Segment Start: Data block
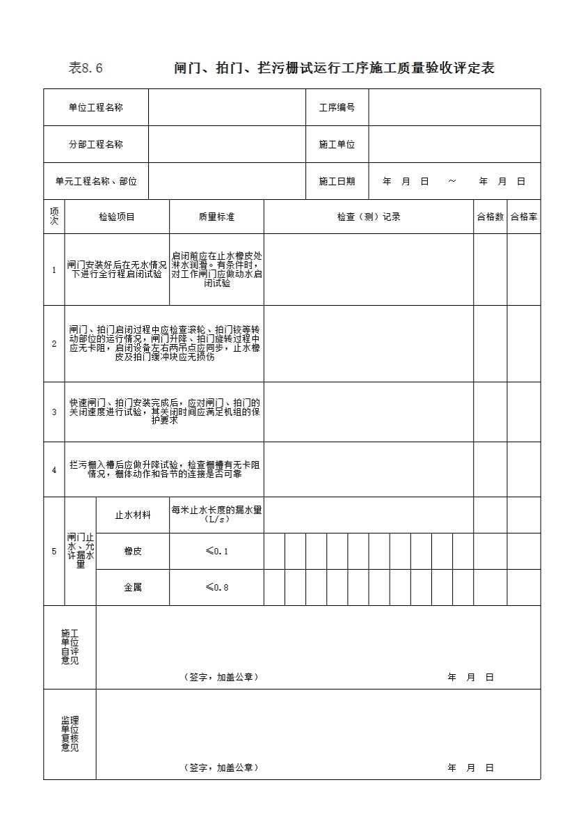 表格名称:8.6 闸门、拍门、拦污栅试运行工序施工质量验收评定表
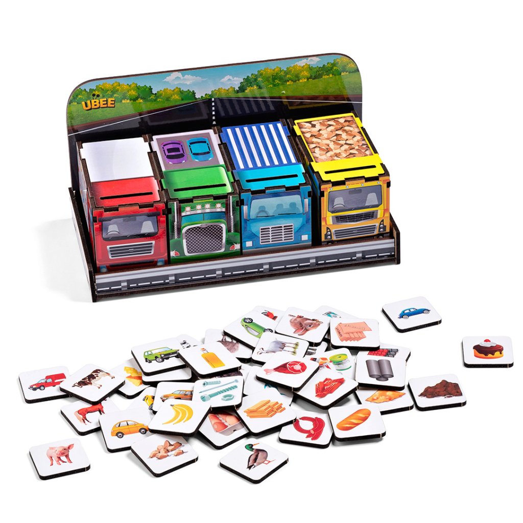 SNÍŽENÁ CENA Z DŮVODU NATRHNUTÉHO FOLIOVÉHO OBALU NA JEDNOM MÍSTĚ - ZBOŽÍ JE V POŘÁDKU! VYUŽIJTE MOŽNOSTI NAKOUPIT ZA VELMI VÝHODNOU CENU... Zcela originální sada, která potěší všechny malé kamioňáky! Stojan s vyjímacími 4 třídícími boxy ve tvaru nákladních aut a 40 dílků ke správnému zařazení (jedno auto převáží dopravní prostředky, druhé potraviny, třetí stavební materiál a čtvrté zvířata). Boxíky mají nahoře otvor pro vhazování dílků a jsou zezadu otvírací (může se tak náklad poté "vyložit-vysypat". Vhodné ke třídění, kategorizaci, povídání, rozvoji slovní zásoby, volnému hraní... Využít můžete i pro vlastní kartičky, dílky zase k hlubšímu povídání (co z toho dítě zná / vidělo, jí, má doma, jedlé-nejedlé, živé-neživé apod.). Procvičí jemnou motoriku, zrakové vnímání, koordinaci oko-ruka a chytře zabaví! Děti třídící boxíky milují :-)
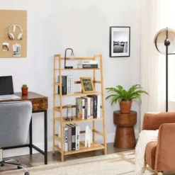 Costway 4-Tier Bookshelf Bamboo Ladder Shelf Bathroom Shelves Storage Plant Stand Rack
Segment End: Data block
» **Aim of the task**:
Skip the pictures, then retype every line above exactly.

» **Answer to the exercise**:
 表格名称:8.6 闸门、拍门、拦污栅试运行工序施工质量验收评定表
 SNÍŽENÁ CENA Z DŮVODU NATRHNUTÉHO FOLIOVÉHO OBALU NA JEDNOM MÍSTĚ - ZBOŽÍ JE V POŘÁDKU! VYUŽIJTE MOŽNOSTI NAKOUPIT ZA VELMI VÝHODNOU CENU... Zcela originální sada, která potěší všechny malé kamioňáky! Stojan s vyjímacími 4 třídícími boxy ve tvaru nákladních aut a 40 dílků ke správnému zařazení (jedno auto převáží dopravní prostředky, druhé potraviny, třetí stavební materiál a čtvrté zvířata). Boxíky mají nahoře otvor pro vhazování dílků a jsou zezadu otvírací (může se tak náklad poté "vyložit-vysypat". Vhodné ke třídění, kategorizaci, povídání, rozvoji slovní zásoby, volnému hraní... Využít můžete i pro vlastní kartičky, dílky zase k hlubšímu povídání (co z toho dítě zná / vidělo, jí, má doma, jedlé-nejedlé, živé-neživé apod.). Procvičí jemnou motoriku, zrakové vnímání, koordinaci oko-ruka a chytře zabaví! Děti třídící boxíky milují :-)
 Costway 4-Tier Bookshelf Bamboo Ladder Shelf Bathroom Shelves Storage Plant Stand Rack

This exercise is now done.